Given that this is Oracle, you can simply subtract the end date and start date to get the number of days in between.
Select City_Code, (End_Date - Start_Date) Days
From MyTable
Where Start_Date = (
Select Max( T1.Start_ Date )
From MyTable As T1
)
If you are using SQL Server you can use the DateDiff() function
DATEDIFF ( datepart , startdate , enddate )

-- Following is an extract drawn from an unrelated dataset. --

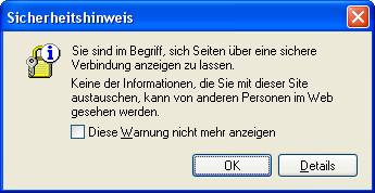 erfolgen. Test der SSL-VerbindungEin erster Test der SSL-Verbindung kann mit einen Browser (in diesem Bsp. z.B. mit dem Internet-Explorer) stattfinden. Nach Eingabe der URL: 'https://ssl-test.tld' sollte nun ein Sicherheitshinweis kommen das nun über eine sichere Verbindung die Seiten angezeigt werden:

http://msdn.microsoft.com/en-us/library/ms189794.aspx
EDIT
I don't know Oracle but I did find this article
SELECT
MAX(t.duration)
FROM (
SELECT
(End_Date - Start_Date) duration
From
Table
) as t
I hope this will work.
If you want to calculate only the last period length for the last city of residence, then it's probably something like this:
SELECT TOP 1
City_Code,
End_Date - Start_Date AS Days
FROM atable
ORDER BY Start_Date DESC
But if you mean to include all the periods the person has ever lived in a city that happens to be their last city of residence, then it's a bit more complicated, but not too much:
SELECT TOP 1
City_Code,
SUM(End_Date - Start_Date) AS Days
FROM atable
GROUP BY City_Code
ORDER BY MAX(Start_Date) DESC
But the above solution most probably returns the last city information only after it calculates the data for all cities. Do we need that? Not necessarily, so maybe we should use another approach. Maybe like this:
SELECT
City_Code,
SUM(End_Date - Start_Date) AS Days
FROM atable
WHERE City_Code = (SELECT TOP 1 City_Code FROM atable ORDER BY Start_Date DESC)
GROUP BY City_Code
i'm short on time - but this feels like you could use the window function LAG to compare to the previous row and retain the appropriate begin date from that row when the city changes, and dont change it when the city is the same - this should correctly preserve the range.